Le cadre simple que j’appliquerais sur six semaines
Si je devais repartir de zéro, je construirais la progression en trois temps: d’abord l’accélération courte, puis l’ajout de foulées lancées, enfin une réduction légère du volume pour laisser la vitesse s’exprimer. L’idée n’est pas de devenir « endurant du sprint », mais de laisser le système nerveux assimiler.
- Semaines 1 et 2: 6 à 8 répétitions de 10 à 20 m, avec un repos long et un travail technique propre.
- Semaines 3 et 4: ajouter 3 à 5 foulées lancées de 20 à 30 m, en gardant les accélérations courtes.

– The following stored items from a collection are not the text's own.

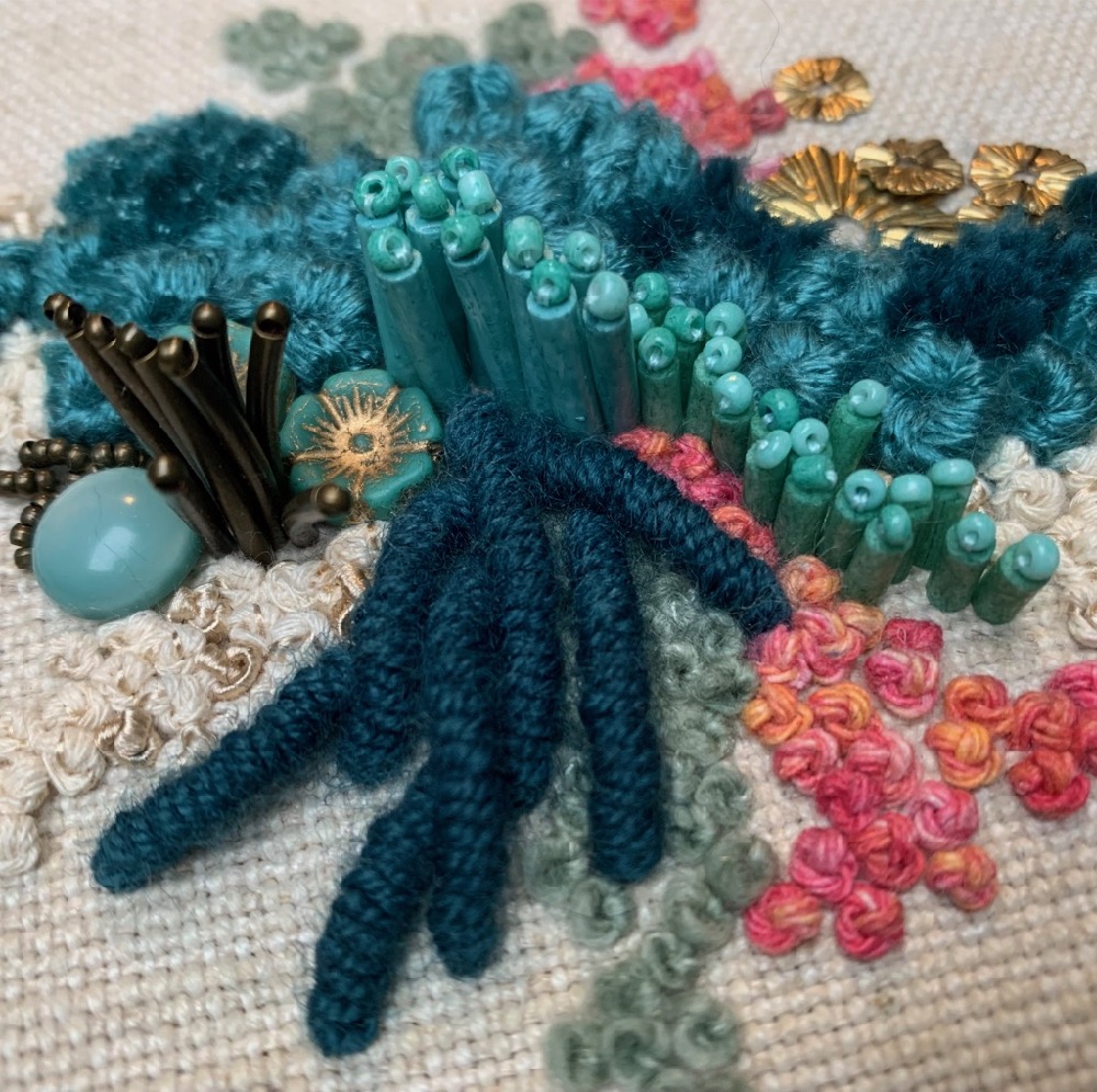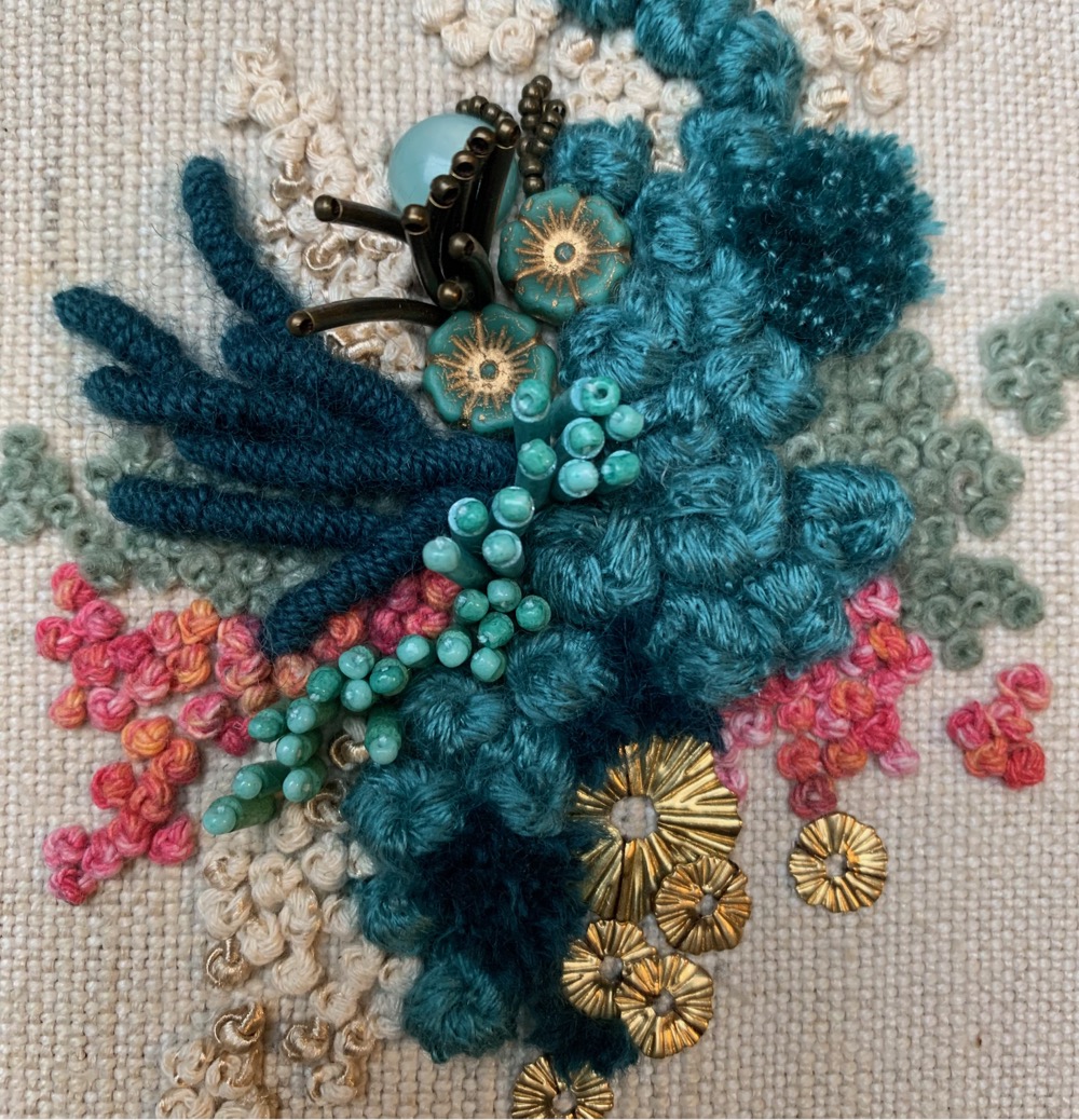 Hand embroidered wool and cotton threads with beading and felting, on cotton base
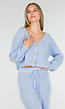 Deze lichtblauwe two piece set bestaat uit een gebreid vest en een bijpassende broek. Het vest heeft een V-hals, lange mouwen en sluit met drie knopen aan de voorzijde. De broek is voorzien van een trekkoord in de taille en heeft een rechte pijp die soepel langs het been valt. Beide items zijn uitgevoerd in een grofgebreide stof die comfortabel draagt.
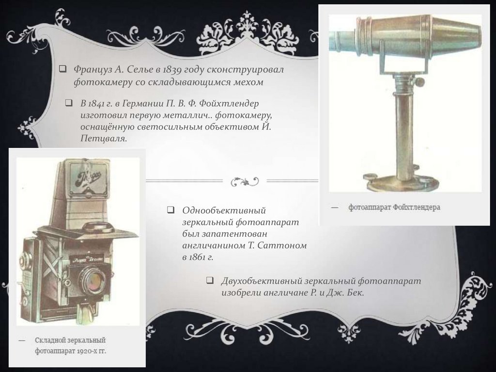 Француз А. Селье в 1839 году сконструировалфотокамеру со складывающимся мехом

- Semaine 5: réduire un peu le volume, garder l’intensité, introduire 4 à 6 côtes courtes si besoin.
- Semaine 6: alléger encore, tester la fraîcheur et comparer les sensations ou un chronométrage sur 20 à 30 m.
Je mesure volontiers le 30 m ou le flying 20 m si j’ai le matériel, mais je ne fais pas de la montre une obsession. Le bon indicateur, c’est souvent la combinaison d’une foulée plus propre, d’une meilleure relance et d’une récupération plus rapide entre les répétitions. Même pour un coureur outdoor, le sprint ne doit pas écraser le reste de la préparation: il complète le foncier, il ne le remplace pas.